Our Client is an established, privately-held medical device company with a seasoned management team and incredible company culture. They are fully integrated, focusing on cutting-edge implants and instruments used in orthopedic surgery, cardiothoracic surgery, and neurosurgery. Their devices are sold in >30 countries throughout the World and counting.
Job Description:
The position is primarily responsible facilitating regulatory approvals globally with an emphasis on CE Mark under EU MDR. This role will also focus on interpreting and maintaining compliance with applicable US FDA and ISO 13485 medical device regulations. The position requires the application of practical experience and a technical knowledge base for developing, implementing, and leading the regulatory efforts to meet strategic and day to day objectives. It requires both attention to detail and process considerations in execution of responsibilities. This person will lead a small team and report directly to the Company's President & CEO.

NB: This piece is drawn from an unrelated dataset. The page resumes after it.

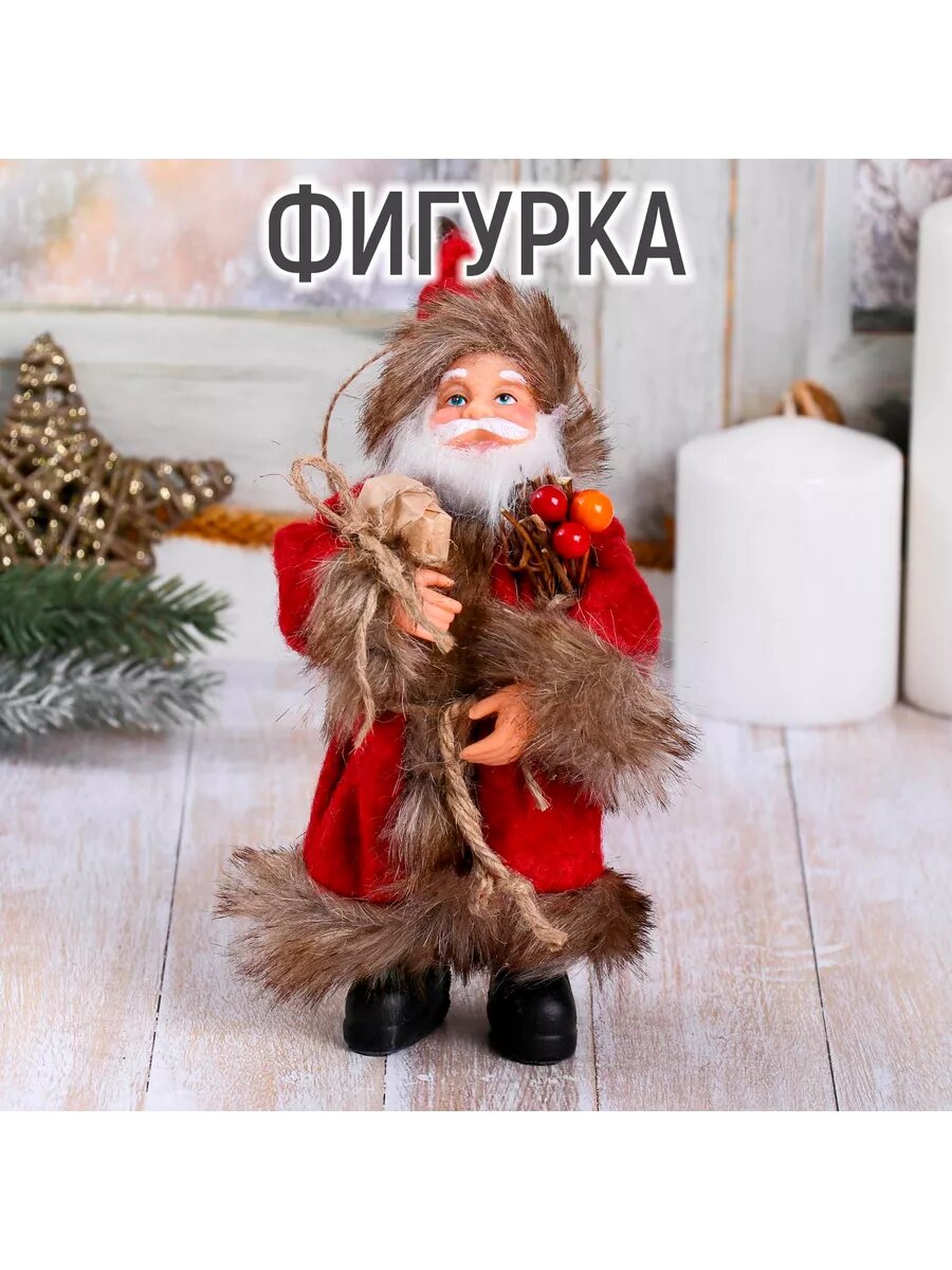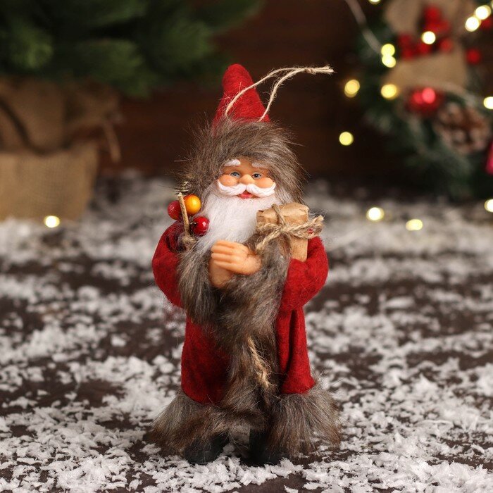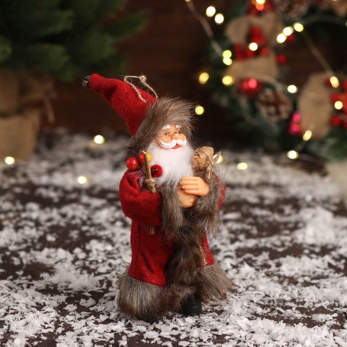 Дед Мороз в красной шубке с хворостом 16 см 4316753 .

Requirements: • A bachelor's degree in a scientific or technical discipline with six plus years of related industry experience in regulatory affairs preferably within an cGMP orthopedic implant environment. • Detailed knowledge of and experience with US FDA and ISO 13485 regulations, as well as the quality/regulatory requirements for obtaining and maintaining the CE Mark under MDR. Knowledge of quality/regulatory requirements of various foreign bodies such as Japan PMDA, China NMPA, Australia TGA is beneficial. • Hands-on experience with the preparation and submission of 510(k), Technical File/Document, and other international registration dossiers. • Responsible for training the staff on regulatory requirements which pertains to their position. • Knowledge and experience with CAPA processes. • Responsible for being the Management Representative and PRRC. • Enthusiasm for being a hands-on contributor in all aspects of job function. • Self-motivated, self-directing, strong attention to detail and excellent time management skills. • Strong interpersonal and management skills with the ability to communicate effectively both verbally and in writing. • Experience in smaller company environments where multi-tasking skills are essential. • RAC certification is beneficial. • Orthopedic implant / Instrumentation highly preferred.